Counsel for appellant lays considerable stress upon the inherent improbability of the testimony of the witnesses for the prosecution, especially those who testified that they saw the accused holding the Chinaman by his arms and heard the Chinaman crying out in distress. These witnesses also testified that although they saw the incident they passed on without paying any attention and had no further knowledge as to what occurred. Counsel for the accused insists that it is impossible to believe that natural curiosity would not have induced them to stop and see the rest of the quarrel had they in fact seen as much of it as they claim to have seen. Counsel for the accused also point to some apparent differences between the impression of the foot of the accused as made in ink and the bloody footprint on the brick floor of the store of the deceased Chinaman. Photographs of the bloody to justify the acceptance of the evidence as to the size, we doubt it the impression of the bloody footprints is clear enough to treat it as an absolute identification of the accused. At the same time the very slight differences inform to which attention is directed by counsel for the appellant may well be accounted for by the fact that in one instance the bloody footprint may have been made while the accused was in motion, while the impression in ink was taken while he was standing still.

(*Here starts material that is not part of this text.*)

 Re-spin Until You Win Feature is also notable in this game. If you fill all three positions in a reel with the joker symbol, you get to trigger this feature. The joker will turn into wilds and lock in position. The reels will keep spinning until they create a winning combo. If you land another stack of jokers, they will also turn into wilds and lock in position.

It may be admitted that the testimony of the two witnesses who claim to have seen the accused holding the deceased at the precise hour at which the crime appears from the other evidence in the record to have been committed is not wholly satisfactory, but we think that even if this evidence be rejected, the testimony as to the proposition made by the accused to one of the witnesses to join him in robbing the Chinaman, and the testimony showing that the accused with two others was in the store about the time when the crime must have been committed and left it with his companions after the lights had been extinguished, taken together with the proof as to the identity in length and breadth of his foot with that of the bloody footprint found in the store, leaves no reasonable doubt as to his guilt. This conclusion is a confirmed by the evidence which tends almost conclusively to establish the falsity of the alibi which he undertook to set up in his own defense.

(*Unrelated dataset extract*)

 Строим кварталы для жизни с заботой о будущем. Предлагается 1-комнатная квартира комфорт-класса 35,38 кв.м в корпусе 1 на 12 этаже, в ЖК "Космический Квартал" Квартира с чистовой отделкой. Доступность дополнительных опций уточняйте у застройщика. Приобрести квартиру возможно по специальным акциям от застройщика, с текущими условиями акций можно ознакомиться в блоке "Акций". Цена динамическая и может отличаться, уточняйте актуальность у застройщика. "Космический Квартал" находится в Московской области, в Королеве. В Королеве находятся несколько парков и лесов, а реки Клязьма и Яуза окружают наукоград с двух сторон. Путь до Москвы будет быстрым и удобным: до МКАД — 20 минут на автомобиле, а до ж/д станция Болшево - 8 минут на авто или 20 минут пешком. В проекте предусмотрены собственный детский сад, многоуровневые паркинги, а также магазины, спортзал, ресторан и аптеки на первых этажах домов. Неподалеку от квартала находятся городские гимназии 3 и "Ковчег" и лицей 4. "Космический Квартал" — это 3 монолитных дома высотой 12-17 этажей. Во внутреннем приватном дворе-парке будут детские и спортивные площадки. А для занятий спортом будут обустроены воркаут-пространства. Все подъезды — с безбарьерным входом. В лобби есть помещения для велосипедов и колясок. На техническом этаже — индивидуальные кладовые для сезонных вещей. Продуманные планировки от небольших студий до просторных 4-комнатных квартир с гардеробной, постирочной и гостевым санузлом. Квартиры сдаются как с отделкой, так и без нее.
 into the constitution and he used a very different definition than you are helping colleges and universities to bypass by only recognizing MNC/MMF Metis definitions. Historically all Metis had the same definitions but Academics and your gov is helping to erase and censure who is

The trial court properly acquitted the defendant of the crime assassination with which he was charged, because of the lack of evidence upon which to base a finding as to the existence of any of the qualifying circumstances necessary to raise the degree of guilt of the accused from that homicide to assassination. We think, however, that the trial court should have found the existence of one aggravating circumstances, in that the crime was committed in the house of the deceased. The penalty should have been imposed in the maximum degree, that is to say, from seventeen years four months and one day to twenty years of reclusion temporal.
The judgment of conviction by the trial court is affirmed, but the sentence should be modified by sustaining for so mush thereof as imposes the penalty of fourteen years eight months and one day of reclusion temporal the penalty of twenty years of reclusion temporal, and thus modified the sentence imposed by the trial court should be and is hereby affirmed, with the costs of this instance against the appellant. So ordered.
Arellano, C.J., Torres, Johnson, Moreland and Trent, JJ., concur.